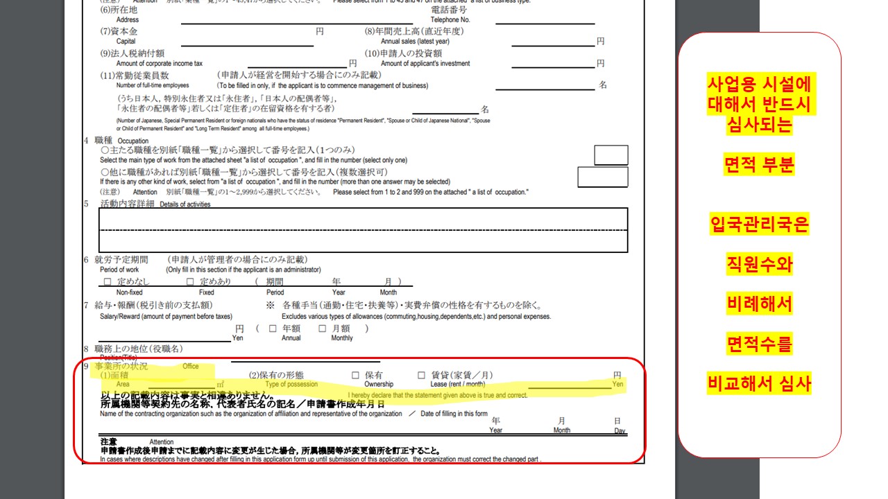 경영관리비자 신청은, 사업소에 대해서 반드시 심사가 됩니다. 신청서에도 면적을 비롯해서 소유물건인지, 임차물건인지 반드시 기재하도록 되어 있으며, 경영관리비자는 경영활동을 수행해야 허가를 받을 수 있는 비자로서, 직원을 고용해서, 경영관리 활동을 하고 있다는 것을 입증해야 합니다.
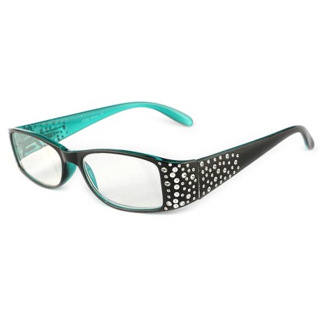 Lunettes loupes de la marque New Time modèle Star, ces lunettes de lectures ont une monture noire avec l'intérieur des branches bleu, sur les cotés on trouve des strass. Elles ont une correction dioptrie +1. Norme CE et NF EN 14139
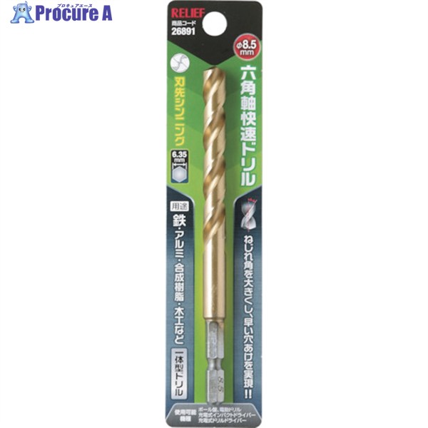 RELIEF 六角軸快速ドリル チタンコーティング 8.5mm 一体型 ▼859-2439 26891 1本
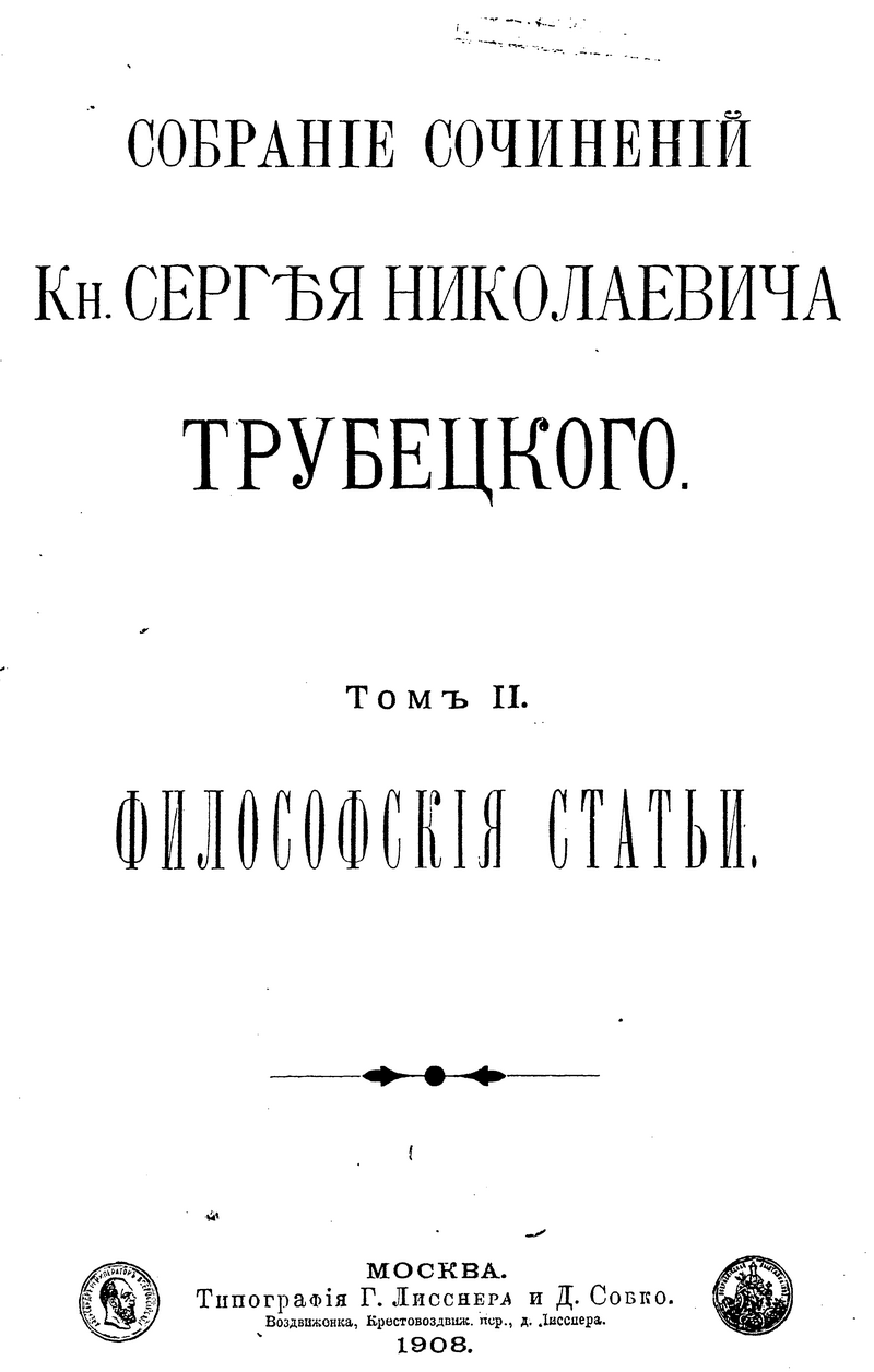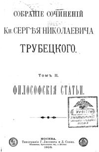 Собрание сочинений Кн. Сергея Николаевича Трубецкого. Том II. Философские статьи

TASK INSTRUCTIONS |
Write out the listing above exactly, images omitted.

RESPONSE AREA |
 경영관리비자 신청은, 사업소에 대해서 반드시 심사가 됩니다. 신청서에도 면적을 비롯해서 소유물건인지, 임차물건인지 반드시 기재하도록 되어 있으며, 경영관리비자는 경영활동을 수행해야 허가를 받을 수 있는 비자로서, 직원을 고용해서, 경영관리 활동을 하고 있다는 것을 입증해야 합니다.
 Lunettes loupes de la marque New Time modèle Star, ces lunettes de lectures ont une monture noire avec l'intérieur des branches bleu, sur les cotés on trouve des strass. Elles ont une correction dioptrie +1. Norme CE et NF EN 14139
 RELIEF 六角軸快速ドリル チタンコーティング 8.5mm 一体型 ▼859-2439 26891 1本
 Собрание сочинений Кн. Сергея Николаевича Трубецкого. Том II. Философские статьи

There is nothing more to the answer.